我有一些时间序列数据。例如,查看以下值(假设这里的时间是几分钟):
User Time Value
a 0 10
b 1 100
c 2 200
a 3 5
e 4 7
a 5 999
a 6 8
b 7 10
a 8 10
a 9 10
a 10 10
a 11 10
a 12 100
现在我想知道在任何给定的5分钟间隔内是否达到了超过1000的总和。
例如,在上面的示例中,我应该得到一个输出,例如用户a,分钟5,6,8,9。
答案 0 :(得分:5)
对于Window Function来说,这是一项简单的任务:
select *
from
(
select t.*
,sum("Value") -- cumulative sum over the previous five minutes
over (partition by "user"
order by "Time"
range 4 preceding) as sum_5_minutes
from Table1 t
) dt
where sum_5_minutes > 1000
请参阅fiddle
编辑:SQLFiddle再次脱机,但您也可以在接下来的5分钟内搜索。
Edit2:SQLFiddle离线,但如果数据类型是TimeStamp
或Date
,则必须使用间隔而不是整数:
select *
from
(
select t.*
,sum("Value")
over (partition by "User"
order by "Time"
range interval '4' minute preceding) as sum_prev5_minutes
,sum("Value")
over (partition by "User"
order by "Time"
range between interval '0' minute preceding -- or "current row" if there are no duplicate timestamps
and interval '4' minute following) as sum_next5_minutes
from Table1 t
) dt
where sum_prev5_minutes > 1000
or sum_next5_minutes > 1000
答案 1 :(得分:2)
为了说明我对dnoeth的帖子的评论,所以不要将我的答案视为正确,因为他做了繁重的工作,并且应该得到绿色的复选标记,下面显示了如何在运行时设置范围...
WITH DAT AS (
SELECT 'a' u, 0 t, 10 v from dual union all
SELECT 'b' u, 1 t, 100 v from dual union all
SELECT 'c' u, 2 t, 200 v from dual union all
SELECT 'a' u, 3 t, 5 v from dual union all
SELECT 'e' u, 4 t, 7 v from dual union all
SELECT 'a' u, 5 t, 999 v from dual union all
SELECT 'a' u, 6 t, 8 v from dual union all
SELECT 'b' u, 7 t, 10 v from dual union all
SELECT 'a' u, 8 t, 10 v from dual union all
SELECT 'a' u, 9 t, 10 v from dual union all
SELECT 'a' u, 10 t, 10 v from dual union all
SELECT 'a' u, 11 t, 10 v from dual union all
SELECT 'a' u, 12 t, 100 v from dual )
-- imaging passing a variable in to this second query, setting it in a config table, or whatever.

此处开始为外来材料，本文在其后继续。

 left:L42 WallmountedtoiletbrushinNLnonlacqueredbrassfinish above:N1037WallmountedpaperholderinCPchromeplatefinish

-- This is just showing that you don't have to hard-code it into the actual select clause, and that the value can be determined at runtime.

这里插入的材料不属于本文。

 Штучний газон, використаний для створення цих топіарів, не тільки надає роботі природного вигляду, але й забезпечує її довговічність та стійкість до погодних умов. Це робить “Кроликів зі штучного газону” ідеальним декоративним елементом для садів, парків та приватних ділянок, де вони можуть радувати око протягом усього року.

, wind as (select 5 rng from dual)
select d.*
,sum(v) -- cumulative sum over the previous five minutes
over (partition by u order by t
range w.rng preceding) as sum_5_minutes
from dat d
join wind w on 1=1
order by u,t;
我还注意到lad2025是正确的,这个窗口会遗漏集合中的某些行。要纠正这一点,您需要在前五秒超过1000的用户的范围内恢复集合中的所有行。这适用于下面的用户Z,但只会将第二行带回原始编码。
WITH DAT AS (
SELECT 'a' u, 0 t, 10 v from dual union all
SELECT 'b' u, 1 t, 100 v from dual union all
SELECT 'c' u, 2 t, 200 v from dual union all
SELECT 'a' u, 3 t, 5 v from dual union all
SELECT 'e' u, 4 t, 7 v from dual union all
SELECT 'a' u, 5 t, 999 v from dual union all
SELECT 'a' u, 6 t, 8 v from dual union all
SELECT 'b' u, 7 t, 10 v from dual union all
SELECT 'a' u, 8 t, 10 v from dual union all
SELECT 'a' u, 9 t, 10 v from dual union all
SELECT 'a' u, 10 t, 10 v from dual union all
SELECT 'a' u, 11 t, 10 v from dual union all
-- two Z rows added. In the initial version only the second row would be caught.
SELECT 'z' u, 10 t, 999 v from dual union all
SELECT 'z' u, 11 t, 10 v from dual union all
SELECT 'a' u, 12 t, 100 v from dual )
, wind as (select 3 rng from dual)
SELECT dd.*, sum_5_minutes
from dat dd
JOIN (
SELECT * FROM (
select d.*
,sum(v) -- cumulative sum over the previous five minutes
over (partition by u order by t
range w.rng preceding) as sum_5_minutes
,min(t) -- start point of the range that we are covering
over (partition by u order by t
range w.rng preceding) as rng_5_minutes
from dat d
join wind w on 1=1
) WHERE sum_5_minutes > 1000 ) fails
on dd.u = fails.u
and dd.t >= fails.rng_5_minutes
and dd.t <= fails.t
order by dd.u, dd.t;
答案 2 :(得分:1)
以下是我的尝试:
select
s1."user", s1."time", sum (s2."value") as five_minute_value
from
sample s1
left join sample s2 on
s1."user" = s2."user" and
s1."time" between s2."time" and s2."time" + 4
group by
s1."user", s1."time"
having
sum (s2."value") > 1000
您的数据输出:
a 8 1017
a 9 1027
a 6 1012
a 5 1004